[Assigned task]
Please return exactly the line that contains "これは、高い密度と低い弾力性" and every line after it, through the last line of the records below, with no pictures.

[Records provided]
Start of Block

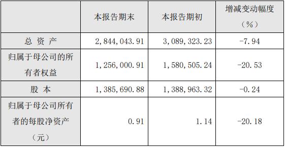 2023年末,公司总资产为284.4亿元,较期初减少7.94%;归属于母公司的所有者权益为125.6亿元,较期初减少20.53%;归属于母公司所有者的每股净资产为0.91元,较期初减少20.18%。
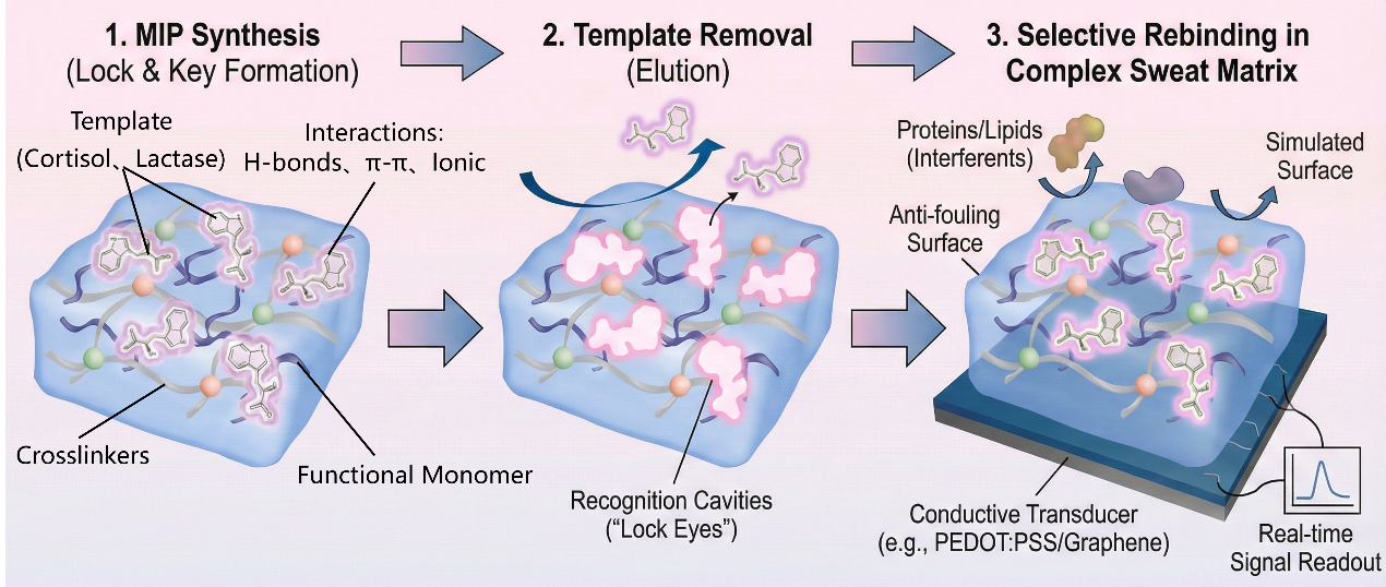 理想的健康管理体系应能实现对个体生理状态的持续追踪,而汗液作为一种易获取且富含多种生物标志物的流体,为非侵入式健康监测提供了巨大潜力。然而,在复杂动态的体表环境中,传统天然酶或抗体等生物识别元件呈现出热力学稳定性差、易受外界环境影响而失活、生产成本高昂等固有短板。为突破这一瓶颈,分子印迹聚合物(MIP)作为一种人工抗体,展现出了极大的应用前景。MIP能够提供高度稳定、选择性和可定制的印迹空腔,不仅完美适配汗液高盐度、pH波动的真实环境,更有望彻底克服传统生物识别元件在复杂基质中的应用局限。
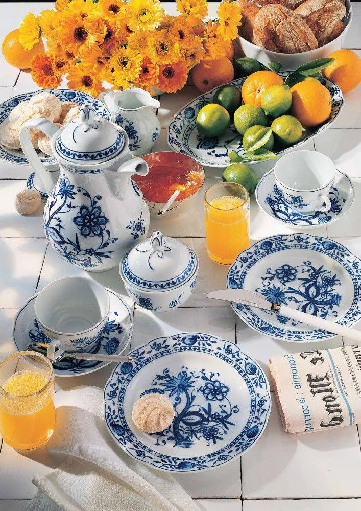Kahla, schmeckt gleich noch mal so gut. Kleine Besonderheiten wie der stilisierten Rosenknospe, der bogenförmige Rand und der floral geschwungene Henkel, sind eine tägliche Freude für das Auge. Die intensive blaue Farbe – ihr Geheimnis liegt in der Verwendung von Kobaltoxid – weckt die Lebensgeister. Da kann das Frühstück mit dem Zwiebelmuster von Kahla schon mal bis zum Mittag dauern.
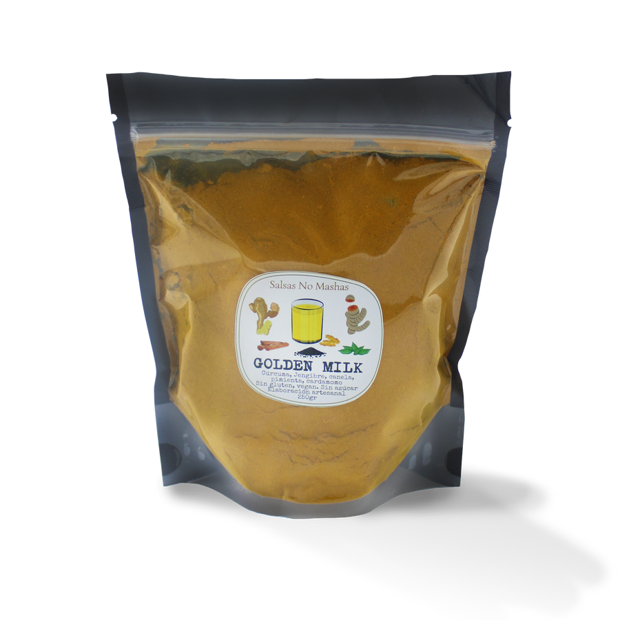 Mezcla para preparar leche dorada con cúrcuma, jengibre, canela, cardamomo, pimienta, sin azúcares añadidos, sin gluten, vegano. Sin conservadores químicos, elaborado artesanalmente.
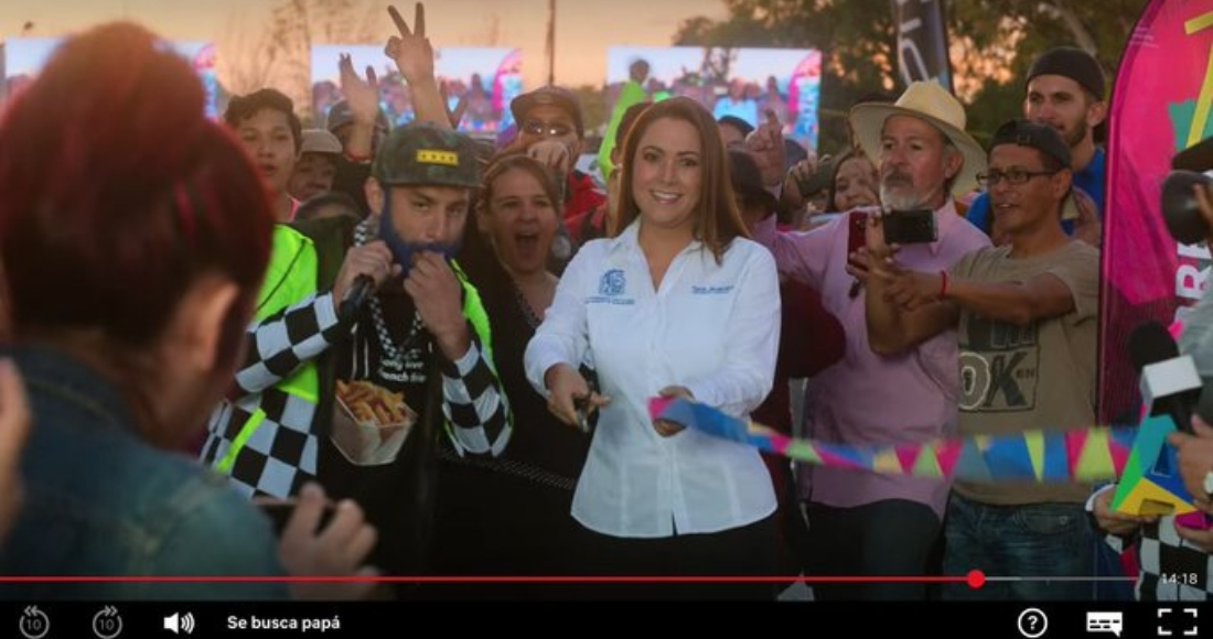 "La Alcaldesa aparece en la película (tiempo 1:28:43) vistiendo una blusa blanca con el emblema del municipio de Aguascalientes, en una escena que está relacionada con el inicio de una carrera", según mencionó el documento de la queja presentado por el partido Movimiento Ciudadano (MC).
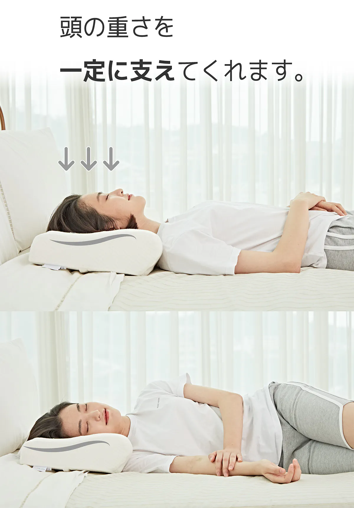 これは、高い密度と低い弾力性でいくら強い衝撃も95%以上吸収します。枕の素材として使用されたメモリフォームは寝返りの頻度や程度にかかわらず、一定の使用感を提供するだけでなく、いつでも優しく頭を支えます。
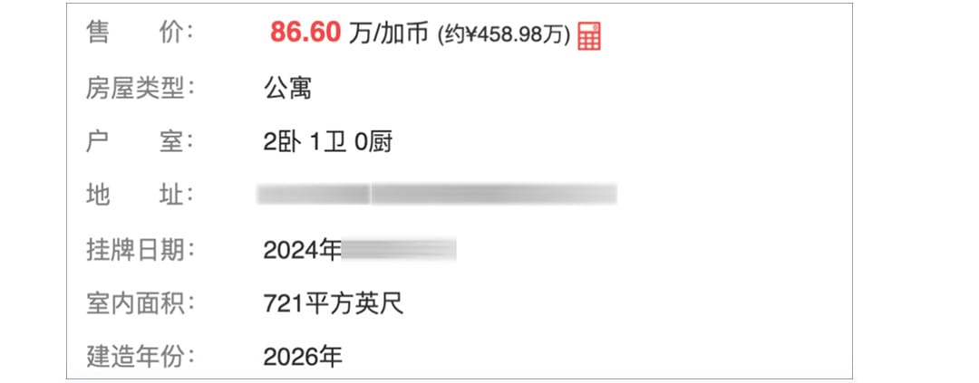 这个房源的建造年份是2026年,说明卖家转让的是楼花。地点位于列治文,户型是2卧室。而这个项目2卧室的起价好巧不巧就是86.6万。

End of Block

[Exercise solution]
 これは、高い密度と低い弾力性でいくら強い衝撃も95%以上吸収します。枕の素材として使用されたメモリフォームは寝返りの頻度や程度にかかわらず、一定の使用感を提供するだけでなく、いつでも優しく頭を支えます。
 这个房源的建造年份是2026年,说明卖家转让的是楼花。地点位于列治文,户型是2卧室。而这个项目2卧室的起价好巧不巧就是86.6万。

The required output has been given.